Mike,
I bought a wrecked 1971 Sportster XLCH in '72. The front end was totaled, and H-D was on strike, so I went down to Wichita to look for something that would let me get it up & running. I wound up with a God-awful looking 10" over springer, with ugly oversized rockers, a narrow dinky 17" front wheel, and pull-back handlebars - thank goodness I don't have any photos of that mess, but picture in your mind something like that with the original fiberglas seat/rear fender on it. It was ok out on pavement, but riding it on any of our sandy county roads was nerve wracking, with the combination of the dinky front tire & pull-back handlebars. After a summer of riding/herding that thing around, I sold the springer, and bought a 10" over girder front end, which was a very bad move, as the girder's geometry reduced trail and made it unstable - which I found out on my 1st ride, as it went into a high speed wobble, and went down with me. After the road rash had healed, I bought what I should've gone with in the first place - a set of Ceriani road racing forks and a 21" front wheel. In fact, I went with aluminum hubs & rims front & rear, with custom disc brakes, and got rid of the fugly AMF-inspired fiberglas seat/fender unit, replacing it with a cobra-style seat. That got the weight down to 425lbs, and I enjoyed the ride a whole lot more than before.

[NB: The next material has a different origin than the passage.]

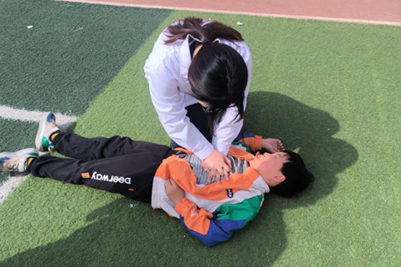演练模拟了学校操场大课间场景,一名学生在活动过程中突然晕倒。班主任反应敏锐,即刻停止集体活动,一方面迅速向学校应急领导小组报告情况,另一方面紧急联系校医。同时,值日教师迅速行动,有序组织周边学生撤离至安全区域,并持续维护现场秩序,有效防止了恐慌情绪的扩散。

After a couple of my closest riding buddies moved out of state, I finally sold the Sportster in 1987 to Dusty Dowd, a crop dusting pilot friend who has owned bunches of both flying & basket case warbirds, including an Allison-powered Mustang, Sea Furys, Yaks, a Beech 18, and God-knows what else. While taking an introduction to aerobatics flight in a Super Decathalon out at the Art Scholl School of Aerobatics at Rialto, Ca. with Chuck Wentworth, I mentioned that I was from western Kansas, and he immediately said "Then you must know Dusty Dowd!" He told me that Dusty had been flying beside him during a heat at the races at Reno a few years before when the wooden prop on Chuck's Cassutt fractured (they run O-200 Continentals at 3000+RPM while racing), and the extreme un-balanced engine shook itself right out of the motor mount before he could shut it down. If it hadn't been for a rule requiring a very stout engine-retaining cable harness, the engine would've departed the Cassutt, and it's very likely that he'd have died in the resulting loss of control crash. I flew with Chuck in 1982, and haven't seen or talked with him since. But last winter, Dusty was showing a video of himself in his Yak while racing at Reno, while he gave a presentation during an IMC meeting at a local airport. After watching the racing video, I asked him if he remembered Chuck. His eyes lit up and he got pretty animated, telling me about flying right there next to Chuck's Cassutt when the prop fractured. Aviation - it's a small community, and this is far from the only time I've met pilots who knew other pilots that I knew, even when I'm a thousand miles from home...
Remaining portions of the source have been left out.